Friday, September 16, 2011

My mother, Hurricane Irene, comes back.

My mother swooped into town a few weeks ago, all the force of her quotidien personality flooding the northeast corridor with torrential anxiety, incapacitation and finally relief at her retreat.

Yes. Hurricane Irene, as we in the family have long referred to her, revealed her robust charm to the rest of the earth,almost seven months after we thought she had left it. As it turns out, death may stop Houdini and others who at heart accept the basic rules of life, death and logic, whatever else they may profess.

While, my mother, before whom I'm sure even Zeus hides under the bed, defies physics and returns.

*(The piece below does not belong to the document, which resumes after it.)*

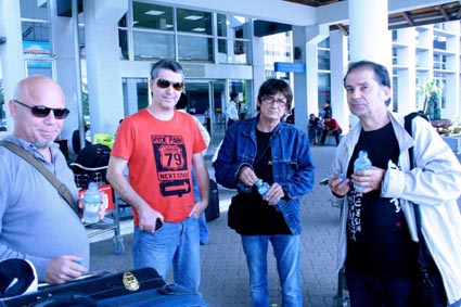 Ils sont bien arrivés27 octobre 2011Au Laos, à Vientiane, ce matin vers 10h30 heure locale (H-5). Long voyage entre Paris et Hanoi: 11h + 1h avant et 1h après. Même si on a l'habitude, on ne s'y fait toujors pas: décallage horaire, repas dans l'avion dans un ordre devenu incohérent. On a l'impression de ne faire que manger, somnoler (dormir est impossible) regarder des films pas vraiment décoiffants et sortir de l'avion cassés pour la fin de la journée. Escale à Hanoi. Notre Vietnam bien aimé est sous des trombes d'eau. Arrivée à Vientiane sous un soleil resplendissant, la moiteur de l'air nous saisit. L'Asie, l'asie... et ses odeurs bizarres, reconnaissables à l'instant où le pied se pose sur le tarmac...! Les visages sont ouverts, les filles sont belles. Le bonheur d'être là avec ce que nous aimons faire: musique, les amis. Certains manquent, mais c'est leur choix.... Eliza est arrivée la veille, depuis le Vietnam, via le Cambodge. Elle vient nous chercher. Retrouvailles. L'hotel est en ville, quartier qui nous rappelle à la fois l'Inde et le Nigeria (et bien sûr le Vietnam). La patronne laotienne parle français, est adorable. Bon, le wifi est là mais il traine sacrément des pieds. Nous rencontrons dans l'après midi les 2 musiciens laotiens avec qui nous serons en résidence toute la semaine: Khampeng, qui joue ce xylo en bambou qu'on connait déjà et d'un genre de cymbalum et Khamsouane, qui joue du khen, l'orgue à bouche traditionnel et de la flute en bambou. Mise en place du planning; déjà quelques problèmes de salles...Tirage des partitions, je fais un petit point avec les 2 laotiens autour des morceaux choisis. On commence à travailler dimanche. Nous nous sommes déjà un peu baladés dans le quartier, pour aller, à pied, de l'hotel à l'Institut français, ou manger en ville. C'est toujours sidérant quand on arrive à se nourrir copieusement pour un total de 8 € à 5. Ce sont vraiment des pays encore abordables pour nos futures absences de retraite à venir. Demain, journée off, invités à déjeuner sur le Mékong chez l'attaché culturel qui nous a invité ici. Y a pire comme emploi du temps. Parasites sociaux, je vous dit... |

As I said before, when my mother reincarnated as a hurricane, I was tickled to hear from her. In the months since her departure, I'd missed our weekly chats about this and that. Our history had not always been smooth. My mother felt a mater's role was to dominate her offspring. In this way she felt she'd stave off bad behavior before it had a chance to root. But lately, in the last few years, we'd come to a softening. She had been a good woman, I could see that now. Perhaps, I'd misjudged the reasons she had acted as she had.

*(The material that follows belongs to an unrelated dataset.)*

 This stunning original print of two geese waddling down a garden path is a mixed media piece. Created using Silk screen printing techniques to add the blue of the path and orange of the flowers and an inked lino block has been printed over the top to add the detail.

For example, there was the time, when I was about 12 and she pulled the Detroit city bus over that I was on, honking, honking, chasing the bus and honking and screaming out the window like a crazy lady until the bus driver finally slowed down and pulled over. That's when my girlfriend Hedy looked out the bus window and said, "I think that's your mother in the car!" And my stomach turned over because it was my mother and she was mad, really mad because I hadn't minded and now the whole bus watched as the bus driver opened the bus doors and I slunk off the bus, Hedy too, and then we were in the car with my mother and all the time she was screaming and yelling I was gonna get it!

Well, it was like this, I'd asked her a little while earlier if I could have $5 to go shopping with Hedy at the Northland Mall and she'd said, "no I could not." So, I found my father in the basement and asked him if I could go shopping with Hedy to Northland and he said "sure," and gave me $5. Then I guess my mother asked my father where I was and he said I'd gone to meet Hedy at the bus stop on Curtis. And well, you know the rest. As I said my mother was a force of nature. And she also could not remember all sorts of things that had been important in my life and when I reminded her in later years about the bus and Northland she said emphatically that it had never happened and I was making it up.

But back to 2011 and Hurricane Irene. I must say I was proud of my mother. If in her living incarnation she could make a Detroit bus driver abandon his route, it was not a surprise to me and others in my family that she could bend the laws of nature to her stubborn will and stop by to say "hello." Mostly, it was a friendly visit. There was some damage -- blackouts, trees felled, plans changed, and even, I am sad to say, lives lost. But for her part, my mother, Hurricane Irene, mellowed her bluster, behaved admirably for a hurricane, resulting in for many, simply a rare day off.

As she passed over our apartment, we lost power for a day and a half, and had some mild water damage. It seemed a small price to pay. You see, it felt like a real good bye this time and that we wouldn't be hearing from her again.